A convergência das ideias conservacionistas dos cientistas brasileiros, entre os
quais se destacavam os botânicos, e do nacionalismo de Alberto Torres se deu na
necessidade de manter a independência da nação. Para tanto, em pensamento, ambos
concordavam que havia necessidade de cuidar com atenção de “os órgãos vitais da
nacionalidade, entre eles seus principais recursos”. Podemos perceber nesta expressão
a linha de pensamento que considerava o meio-ambiente não como um aspecto a ser
mantido exclusivamente para contemplação, no melhor sentido do romantismo alemão,
mas sim como um recurso econômico, não, porém, exclusivamente. A conjunção de
interesses, de ideais e de pensamentos nacionalistas e conservacionistas gerou o
movimento ambientalista brasileiro. Na sua origem, então, o movimento ambientalista
brasileiro não se caracterizava por nenhuma atitude extremista, como se apresenta
atualmente, produzindo violência de todos os tipos, desonestidade intelectual,
perturbação social e desvios econômicos sob a falsa bandeira de um desenvolvimento
que tem por base uma suposta sustentabilidade. Sabemos que os movimentos surgem de
diversos pontos e em diversos momentos, e na medida em que se constroem os nexos
entre as ideias e interesses de cada grupo é que o movimento emerge. No inicio sempre
reina a informalidade, todavia, momento chega em que se manifesta a necessidade de
formalização do conjunto.
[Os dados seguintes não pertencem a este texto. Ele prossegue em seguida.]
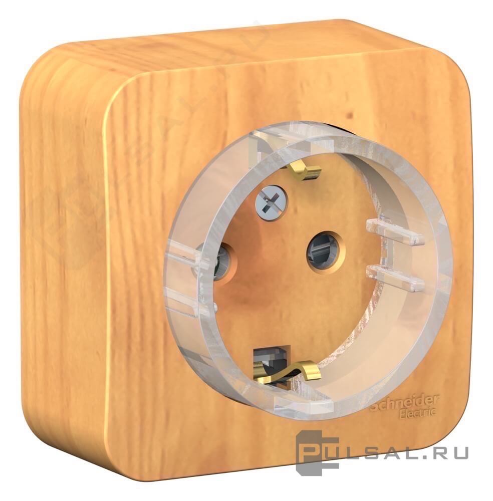 Розетка с изолирующей пластиной Blanca, без шторок, с заземлением, одинарная, цвет - ясень

Assim, em 1958, o Rio de Janeiro viu nascer a primeira
entidade ambientalista brasileira que conseguiu marcar sua identidade e presença em
nível nacional, a Fundação Brasileira para a Conservação da Natureza (FBCN).
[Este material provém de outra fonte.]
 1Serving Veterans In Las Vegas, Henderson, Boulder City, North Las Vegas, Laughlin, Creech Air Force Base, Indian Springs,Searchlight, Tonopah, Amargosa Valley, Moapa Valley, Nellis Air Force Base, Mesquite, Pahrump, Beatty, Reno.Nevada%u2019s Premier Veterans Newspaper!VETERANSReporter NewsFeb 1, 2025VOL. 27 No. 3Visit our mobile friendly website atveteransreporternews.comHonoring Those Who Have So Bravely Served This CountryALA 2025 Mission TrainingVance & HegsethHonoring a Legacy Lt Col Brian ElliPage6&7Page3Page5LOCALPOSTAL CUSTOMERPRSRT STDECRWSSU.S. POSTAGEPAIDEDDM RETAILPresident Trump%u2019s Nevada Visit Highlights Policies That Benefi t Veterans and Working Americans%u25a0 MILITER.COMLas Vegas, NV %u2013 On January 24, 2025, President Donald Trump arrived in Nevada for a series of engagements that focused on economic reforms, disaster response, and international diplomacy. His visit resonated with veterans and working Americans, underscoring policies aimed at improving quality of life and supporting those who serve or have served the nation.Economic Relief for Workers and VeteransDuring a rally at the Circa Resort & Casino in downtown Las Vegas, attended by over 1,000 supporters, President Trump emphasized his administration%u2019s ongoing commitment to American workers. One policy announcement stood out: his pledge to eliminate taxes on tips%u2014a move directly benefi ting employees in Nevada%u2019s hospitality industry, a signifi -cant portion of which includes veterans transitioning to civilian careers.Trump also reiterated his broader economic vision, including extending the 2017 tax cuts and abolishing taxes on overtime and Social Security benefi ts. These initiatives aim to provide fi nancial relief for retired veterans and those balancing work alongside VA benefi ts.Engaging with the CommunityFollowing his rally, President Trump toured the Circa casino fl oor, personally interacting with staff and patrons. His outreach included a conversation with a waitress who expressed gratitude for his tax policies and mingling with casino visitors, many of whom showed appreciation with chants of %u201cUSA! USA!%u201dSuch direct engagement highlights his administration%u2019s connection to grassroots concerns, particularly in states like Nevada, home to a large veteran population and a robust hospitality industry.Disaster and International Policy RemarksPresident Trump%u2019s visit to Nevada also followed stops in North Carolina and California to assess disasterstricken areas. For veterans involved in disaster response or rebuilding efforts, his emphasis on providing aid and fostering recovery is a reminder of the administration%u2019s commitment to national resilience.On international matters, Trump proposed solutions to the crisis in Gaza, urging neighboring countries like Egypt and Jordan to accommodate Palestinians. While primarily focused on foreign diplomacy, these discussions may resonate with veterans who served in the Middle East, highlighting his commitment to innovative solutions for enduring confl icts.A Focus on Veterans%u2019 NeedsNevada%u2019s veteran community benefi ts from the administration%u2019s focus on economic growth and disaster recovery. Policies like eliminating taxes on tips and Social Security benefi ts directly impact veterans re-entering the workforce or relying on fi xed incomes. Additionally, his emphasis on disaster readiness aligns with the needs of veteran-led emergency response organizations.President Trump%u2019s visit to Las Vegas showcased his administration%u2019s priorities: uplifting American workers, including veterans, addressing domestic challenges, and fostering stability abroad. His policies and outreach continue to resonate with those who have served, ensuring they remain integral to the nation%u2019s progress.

Tal fato desfaz a ideia equivocada, segundo a qual o ambientalismo seria assunto
promovido exclusivamente por globalistas, comunistas, esquerdistas de forma geral.
Sendo o meio-ambiente natural necessário a sobrevivência com dignidade das
populações, excluídos os seus sentidos extremistas aplicados por certas aquelas corrente
políticas citadas, e trazendo a claridade a raiz nacionalista do ambientalismo brasileiro,
é perfeitamente compreensível a importância de todos se interessarem por este tema.